At its current version of 1.1 (at the time of this writing), Zato supports HTTP, JSON, SOAP, SQL, AMQP, JMS WebSphere MQ, ZeroMQ, Redis NoSQL and FTP. It includes a browser-based GUI, CLI, API, security, statistics, job scheduler, HAProxy-based load balancer and hot-deployment. Each piece is extensively documented from the viewpoint of several audiences: architects, admins and programmers.
Zato servers are built on top of gevent and gunicorn frameworks that are responsible for handling incoming traffic using asynchronous notification libraries, such as libevent or libev, but all of that is hidden from programmers' views so they can focus on their job only.
Servers always are part of a cluster and run identical copies of services deployed.

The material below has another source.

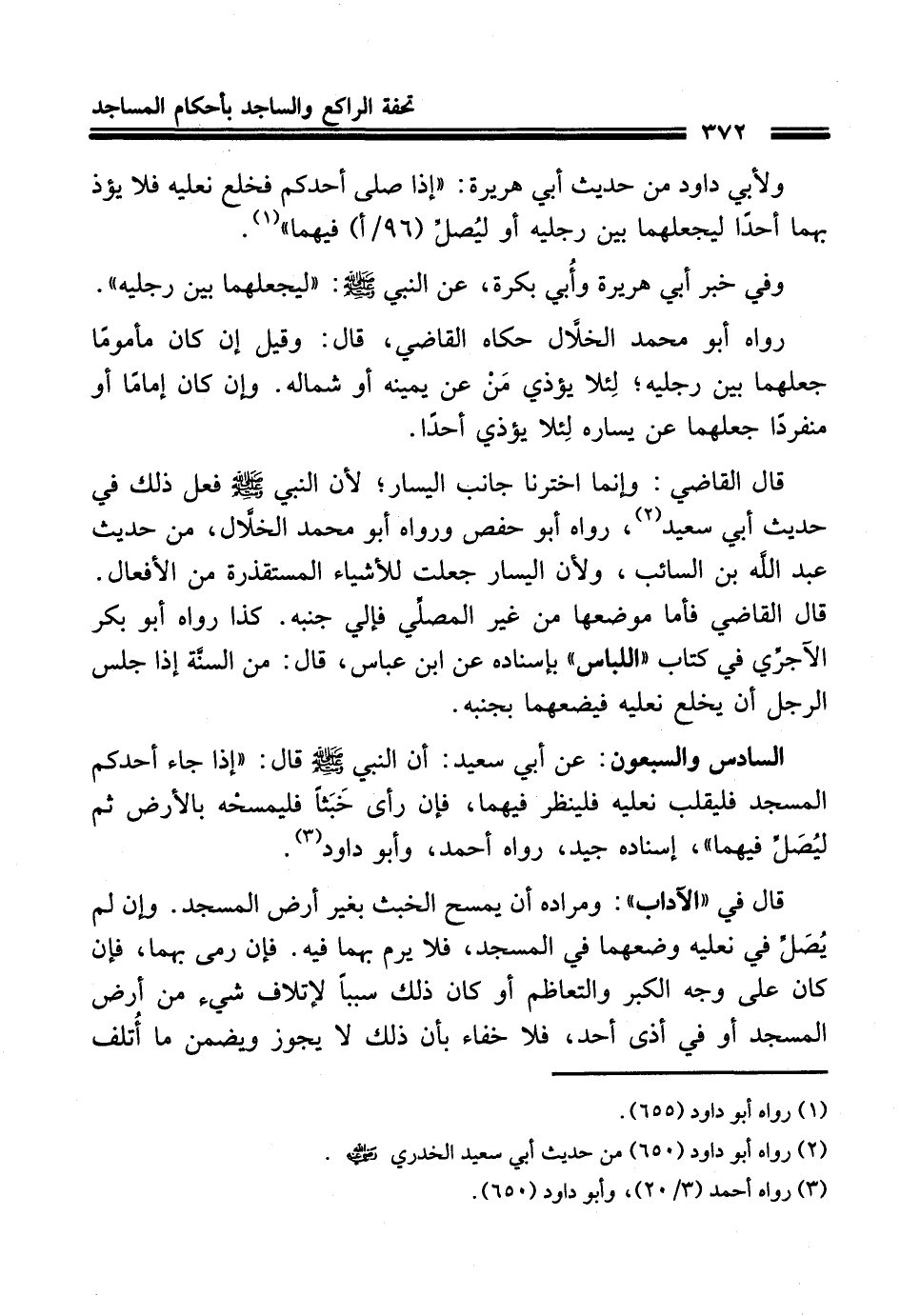 السادس والسبعون: عن أبي سعيد: أن النبي - صلى الله عليه وسلم - قال: "إذا جاء أحدكم المسجد فليقلب نعليه فلينظر فيهما، فإن رأى خَبَثًا فليمسحْه بالأرض ثم ليُصَلِّ فيهما"، إسناده جيد، رواه أحمد، وأبو داود (¬3).
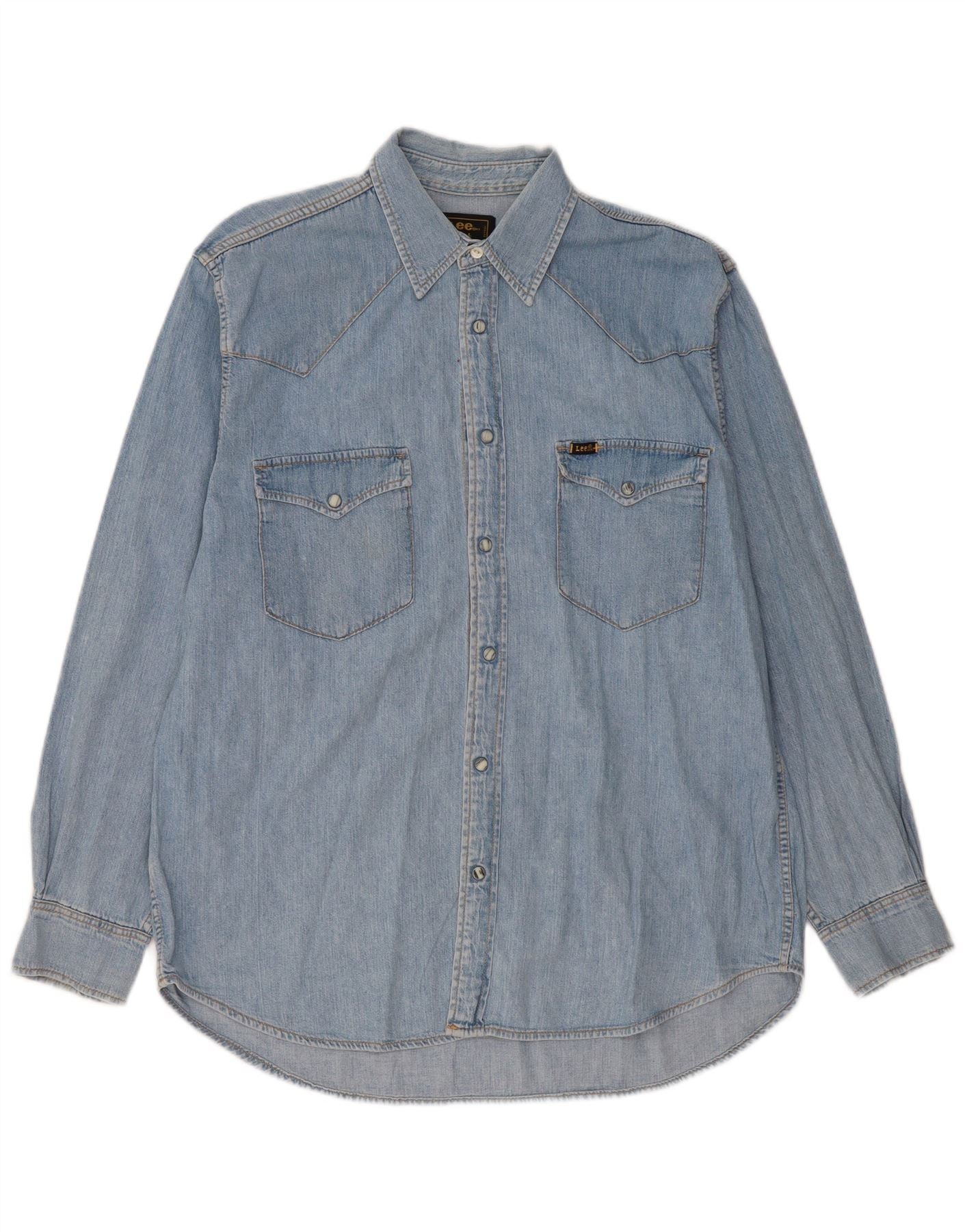 - Descrição da IA: Esta camisa jeans masculina Lee é confeccionada em jeans 100% algodão em uma clássica lavagem azul. Possui decote com gola e mangas compridas. O botão frontal e o ajuste regular oferecem um apelo atemporal. Bolsos no peito de estilo ocidental com fecho de botão acrescentam detalhes autênticos. Um logotipo sutil da marca completa o design, perfeito para um visual casual, mas refinado.

There is no limit on how many servers a single cluster can contain.
Each cluster keeps its configuration in Redis and an SQL database. The former is used for statistics or data that is frequently updated and mostly read-only. The latter is where the more static configuration shared between servers is kept.
Users access Zato through its Web-based GUI, the command line or API.
Zato promotes loose coupling, reusability of components and hot-deployment. The high-level goal is to make it trivial to access or expose any sort of information. Common integration techniques and needs should be, at most, a couple clicks away, removing the need to reimplement the same steps constantly, slightly differently in each integration effort.
Everything in Zato is about minimizing the interference of components on each other, and server-side objects you create can be updated easily, reconfigured on fly or reused in other contexts without influencing any other.
This article guides you through the process of exposing complex XML data to three clients using JSON, a simpler form of XML and SOAP, all from a single code base in an elegant and Pythonic way that doesn't require you to think about the particularities of any format or transport.
To speed up the process of retrieving information by clients, back-end data will be cached in Redis and updated periodically by a job-scheduled service.
The data provider used will be US Department of the Treasury's real long-term interest rates. Clients will be generic HTTP-based ones invoked through curl, although in practice, any HTTP client would do.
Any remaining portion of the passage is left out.